WHAT THIS TASK INVOLVES — Everything from the line holding "ララシャンスOKAZAKI迎" to the last line of the material below must be retyped exactly, minus any pictures.
=== Section Start ===
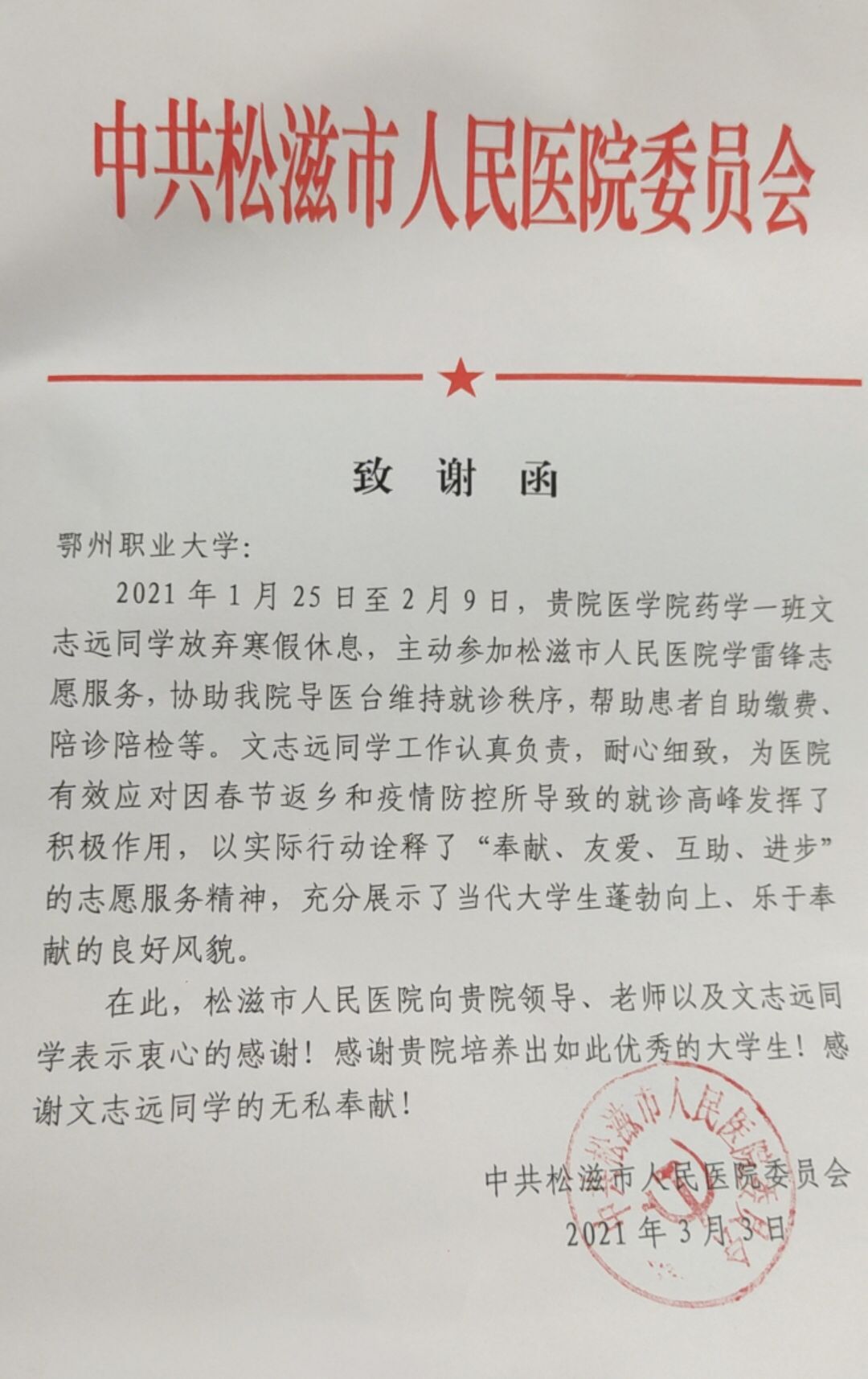 学院收到了一封特殊的“感谢信”。这封感谢信是松滋市人民医院写给我院2020级药学1班的文志远同学的。他并不是什么“大人物”,而是奔忙在抗疫一线的当代大学生。他于2021年1月25日至2月9日,利用寒假时间,主动参加松滋市人民医院志愿服务,协助该医院导医台维持就诊秩序,帮助患者自助缴费、陪诊陪检等。
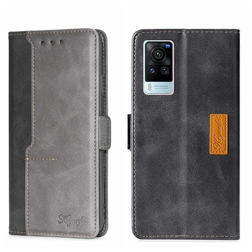 Para Vivo X60 Pro Global/X60 Curvado Contrast Color Color Bebel Funto de Cuero (Negro + Gris)
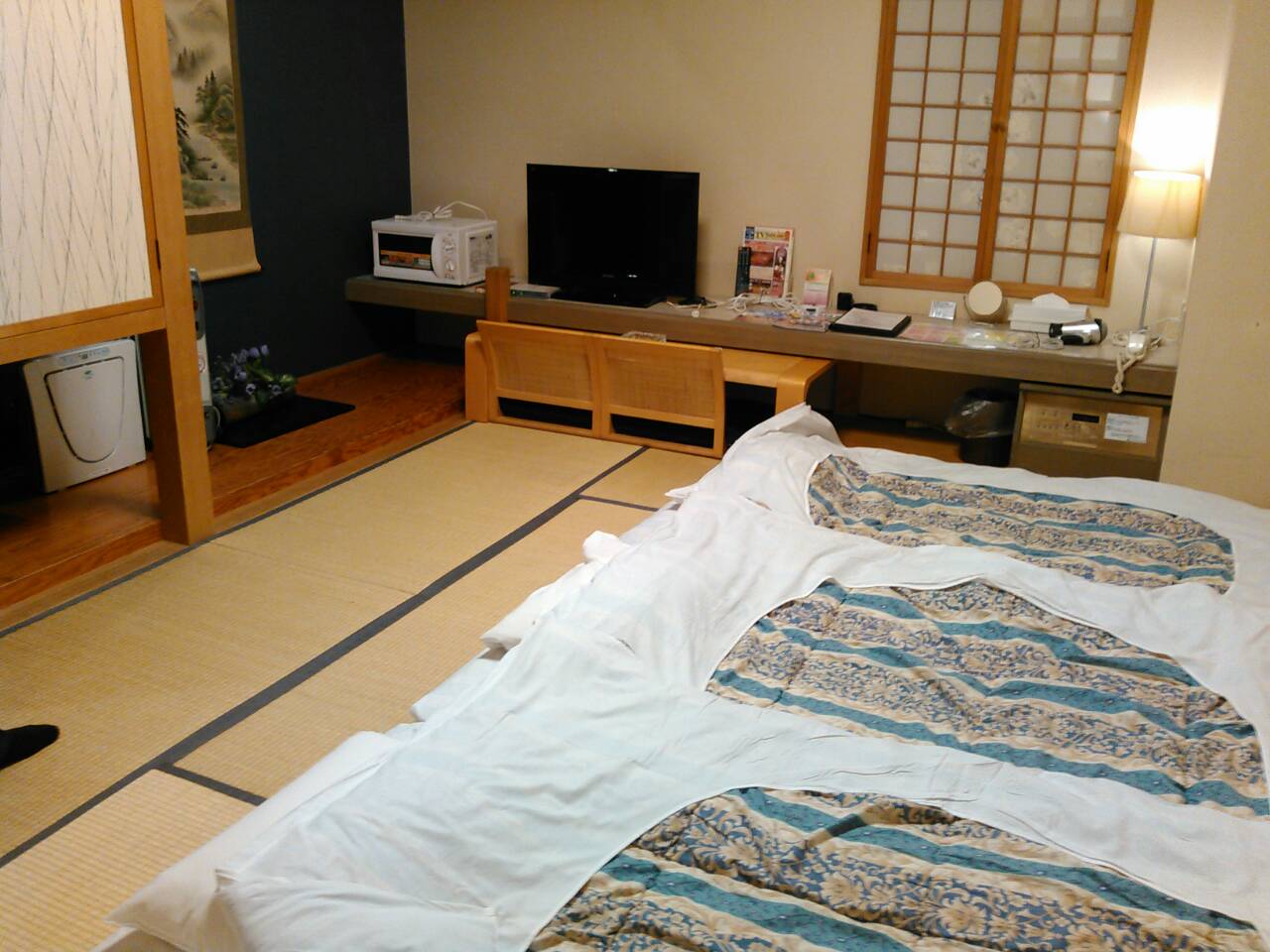 バニラ航空の超爆安ツアーのホテルです。多分、高齢の両親と一緒なので気を利かせて和室をアサインしてくれたと思いますが、実は高齢者は立ち座りが大変だったりしますので、狭くても洋室のトリプルが快適だったりします。トイレと風呂が別れていますので便利です。電子レンジが備え付けられていますので簡単な調理(?)が可能です。中島公園駅から徒歩2分。フリーwifiがサクサクはいります。
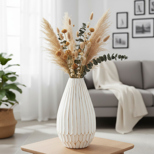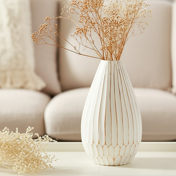 Forhøy ditt hjem med den unike teksturen og det håndverksmessige sjarmen til disse vakkert håndlagde tredekorasjonene, tilgjengelige i klassisk svart eller ren hvit. Skånsomt laget i Thailand, har hver vase en distinkt vertikalt riflet overflate, komplettert med et intrikat bikakemønster ved basen, som skaper en fengslende visuell og taktil opplevelse. Disse miljøvennlige gjenstandene er et bevis på ekte håndverk, perfekte for å forskjønne ditt rom med bærekraftig kunst og moderne stil. Størrelse: Omtrent 13 x 13 x 20 cm Materiale: Laget av 100% naturlig tre. Håndlaget Eksellens: Hver vase er fullstendig håndlaget og gjennomgår en intrikat prosess av sliping, utskjæring, forming, utjevning og maling, som garanterer dens unike karakter og overlegne kvalitet. Miljøvennlig: En dekorativ artikkel fra Thailand som støtter en økologisk bevisst livsstil. Unik Tekstur: Viser en fengslende teksturert overflate med vertikale riller og en distinkt bikakemønstret base, ideell for å tilføre dybde og organisk eleganse til din innredning.
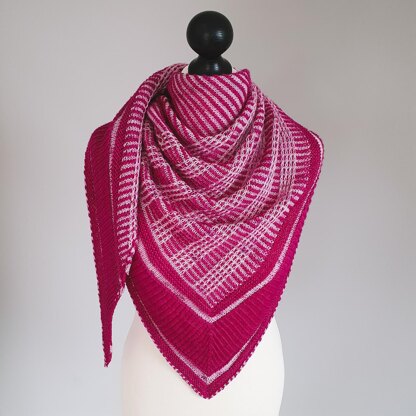 main color A: „Steffi’s Pink“ colorway, 134g, 536m (586yds) contrast color B: „Pas de deux“ colorway, 88g, 352m (385yds)
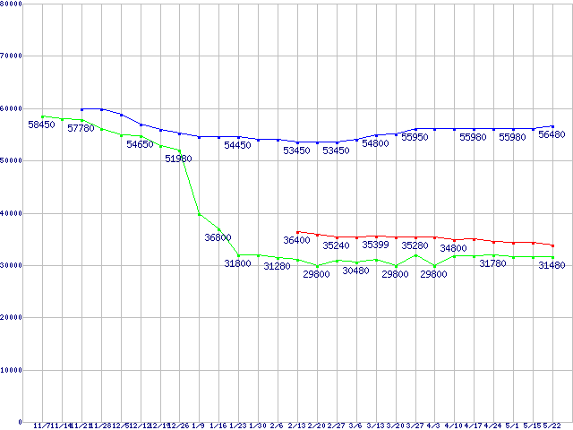 | CPU主要製品(最安値3万円〜6万円未満)の最安値推移 |
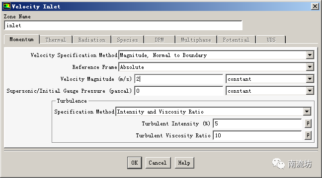 在不可压流计算中不需要使用质量流入口条件,这是因为在不可压流中密度为常数,所以采用速度入口条件就可以确定质量流量,因此就没有必要再使用质量流入口条件。
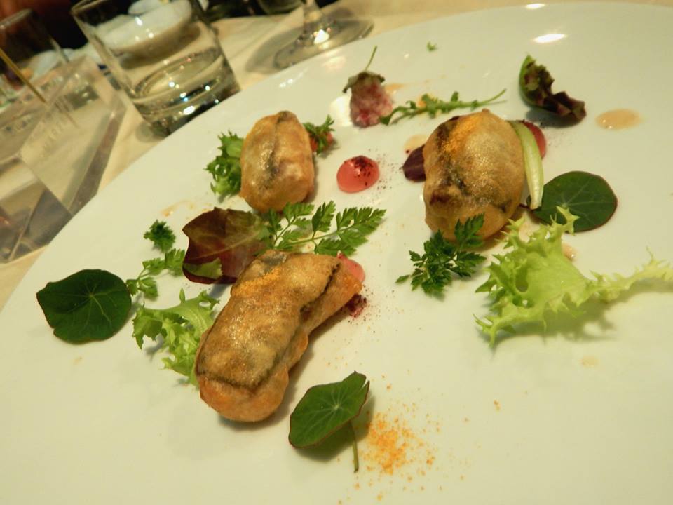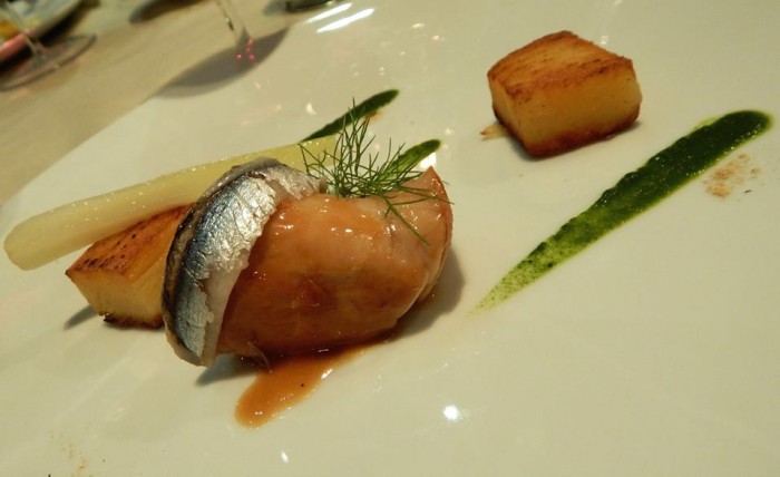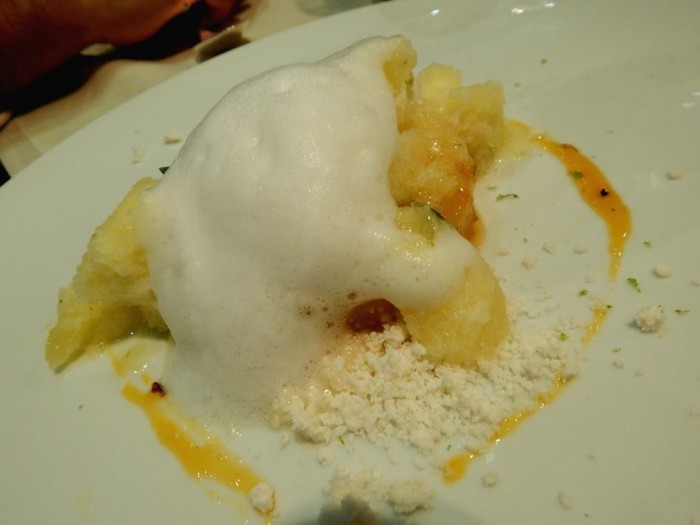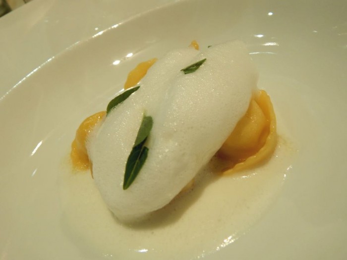 Ci spiega lo chef: “Si tratta di una specie di carpione istantaneo, che ricorda anche la caponata di pesce. Lo sgombro viene marinato in acqua e sale, per rassodarlo, poi fritto con una pastella sifonata. Lo accostiamo a un gel di carpione composto degli odori della ricetta originale, quindi cipolla, carota, sedano, spezie, alloro e ovviamente aceto. E ancora il succo di pepe rosa, ammollato e frullato, per la nota piccante, il ‘wasabi’ di ravanello e rafano, la polvere di arancia essiccata”. Passiamo ai primi: Raviolo di ricotta crema di latte di bufala, basilico e olio ravece. Una pasta tirata a mano, ripiena di ricotta e formaggio grana, sopra una schiuma di latte montata all’olio Ravece, buona soprattutto la pasta, la schiuma di latte ci dà una sensazione di eccessiva dolcezza.
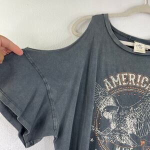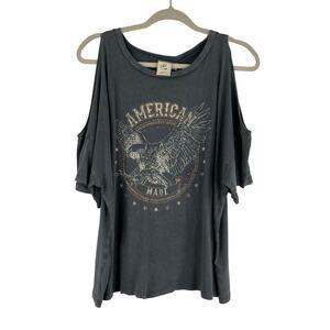 White Crow Gray Distressed Cold Shoulder t-shirt "American Made" 100% Cotton Lg
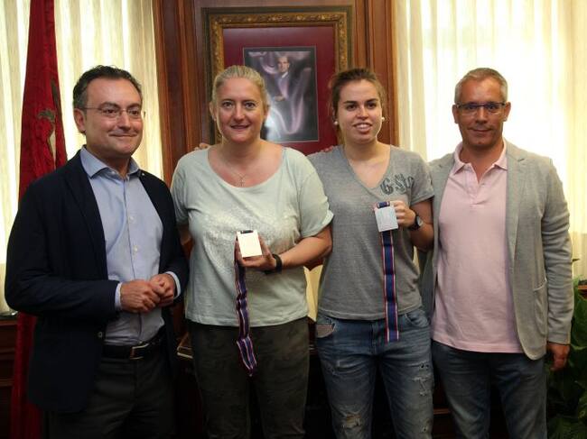 El primer teniente de alcalde de León, Fernando Salguero, y el concejal de Deportes, José María López Benito recibieron a la entrenadora del Aros, Moses, y la jugadora del mismo equipo, Lucía Alonso, que este pasado domingo lograron la medalla de plata en el Campeonato de Europa sub’18 de baloncesto femenino que se disputó en Sopron (Hungría).
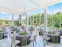ララシャンスOKAZAKI迎賓館は、岡崎駅直結の便利な立地にありながら、リゾート感溢れる披露宴会場が魅力です。大きな窓の外には、水辺と緑が広がり、自然光が差し込む心地よい開放的な空間で特別なひとときを演出します。
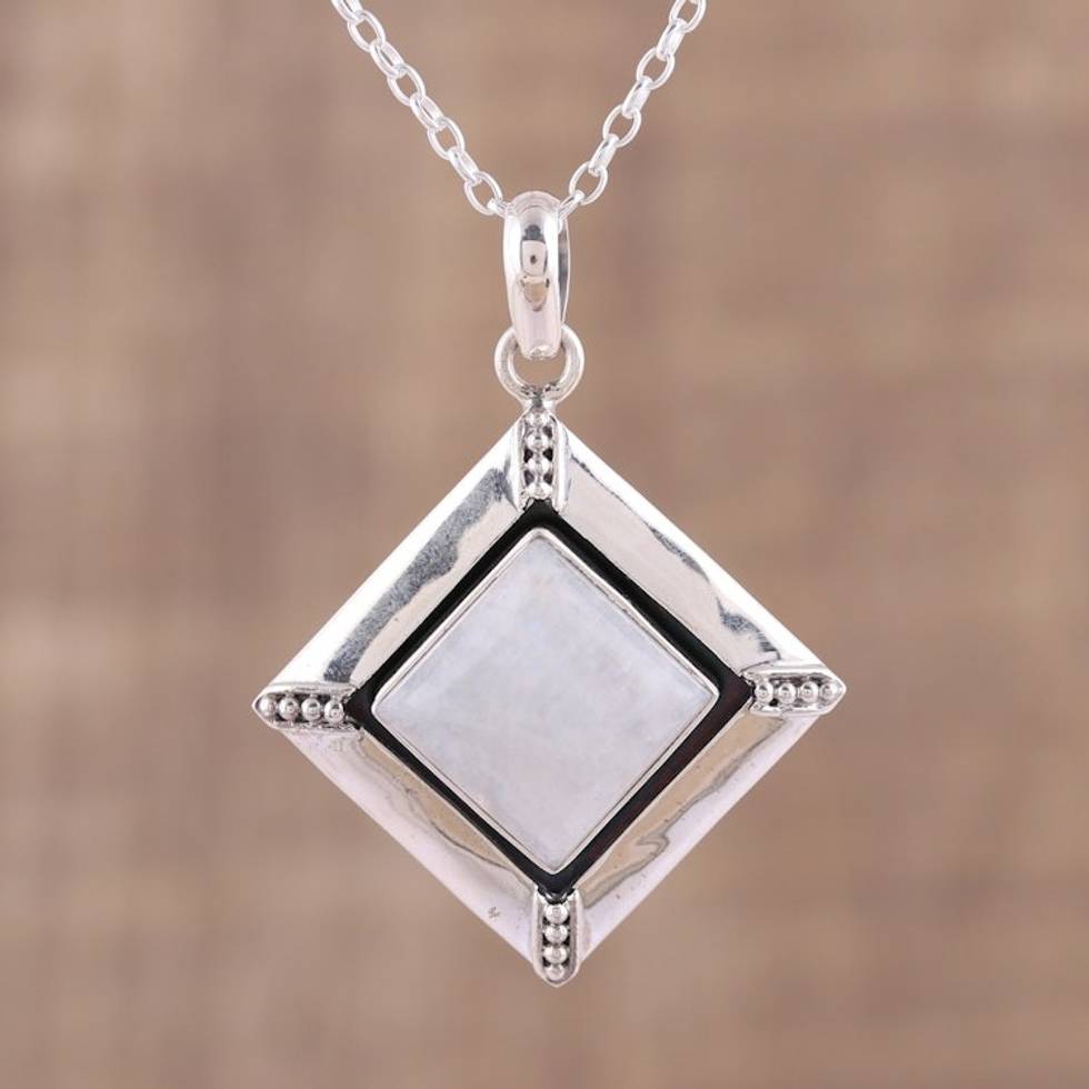 Rainbow Moonstone and Sterling Silver Pendant Necklace 'Heavenly Kite' Item ID: 2671790147
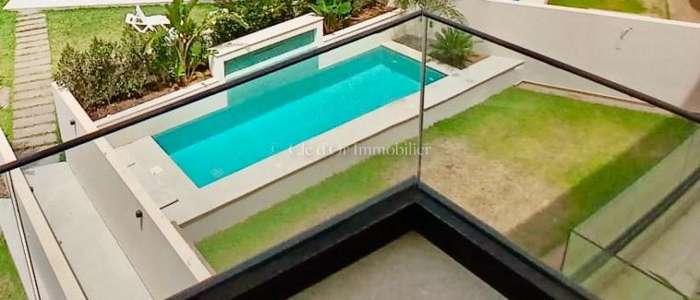 A vendre S2 avec piscine commune S:103m² Salon avec balcon de vue sur piscine Cuisine bien équipée Sans place parking Place parking 25MD
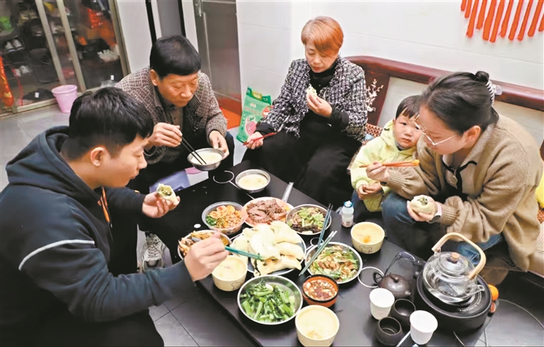 随着热气腾腾的包子和一盘盘美味佳肴端上桌,大家有说有笑,欢乐氛围更加浓厚。“过几天,远在上海工作的女儿也会过来麻涌团聚。”杜复员开心地说,“只要我们全家老小一起热热闹闹、平平安安,我心里就特别满足。”
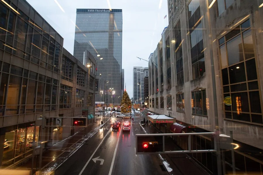 Looking east from the West 5th St. bridge with Fountain Square’s Christmas tree and the Fifth Third Center in the distance. The Carew tower is to the immediate right.
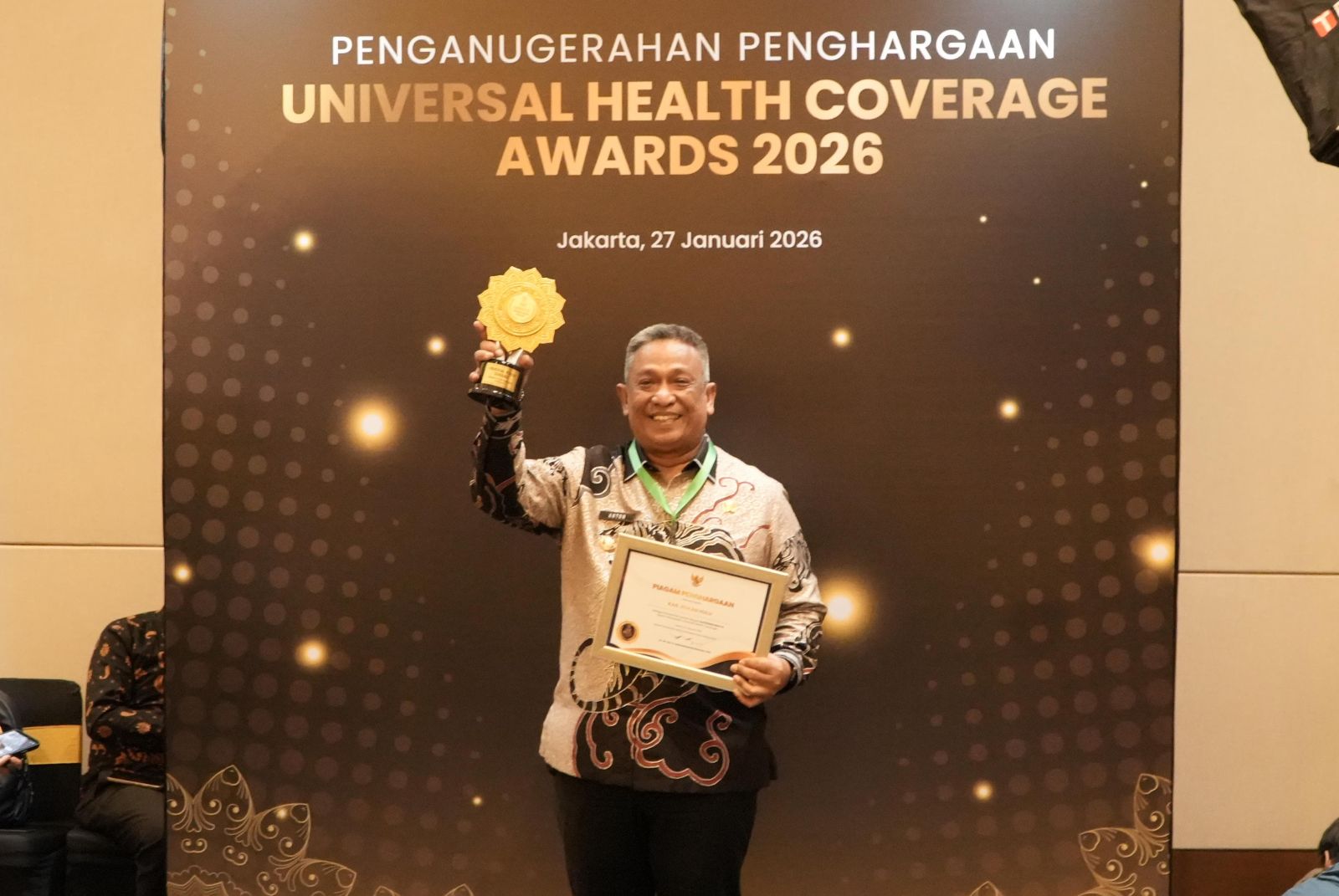 Penghargaan tersebut diserahkan langsung oleh Menteri Koordinator Bidang Pemberdayaan Masyarakat A. Muhaimin Iskandar, didampingi Menteri Kesehatan Budi Gunadi Sadikin dan Direktur Utama BPJS Kesehatan Ali Ghufron Mukti, dalam acara nasional di JIEXPO Kemayoran, Jakarta Pusat, Selasa (27/2026).
=== Section End ===
FINISHED EXERCISE —
ララシャンスOKAZAKI迎賓館は、岡崎駅直結の便利な立地にありながら、リゾート感溢れる披露宴会場が魅力です。大きな窓の外には、水辺と緑が広がり、自然光が差し込む心地よい開放的な空間で特別なひとときを演出します。
 Rainbow Moonstone and Sterling Silver Pendant Necklace 'Heavenly Kite' Item ID: 2671790147
 A vendre S2 avec piscine commune S:103m² Salon avec balcon de vue sur piscine Cuisine bien équipée Sans place parking Place parking 25MD
 随着热气腾腾的包子和一盘盘美味佳肴端上桌,大家有说有笑,欢乐氛围更加浓厚。“过几天,远在上海工作的女儿也会过来麻涌团聚。”杜复员开心地说,“只要我们全家老小一起热热闹闹、平平安安,我心里就特别满足。”
 Looking east from the West 5th St. bridge with Fountain Square’s Christmas tree and the Fifth Third Center in the distance. The Carew tower is to the immediate right.
 Penghargaan tersebut diserahkan langsung oleh Menteri Koordinator Bidang Pemberdayaan Masyarakat A. Muhaimin Iskandar, didampingi Menteri Kesehatan Budi Gunadi Sadikin dan Direktur Utama BPJS Kesehatan Ali Ghufron Mukti, dalam acara nasional di JIEXPO Kemayoran, Jakarta Pusat, Selasa (27/2026).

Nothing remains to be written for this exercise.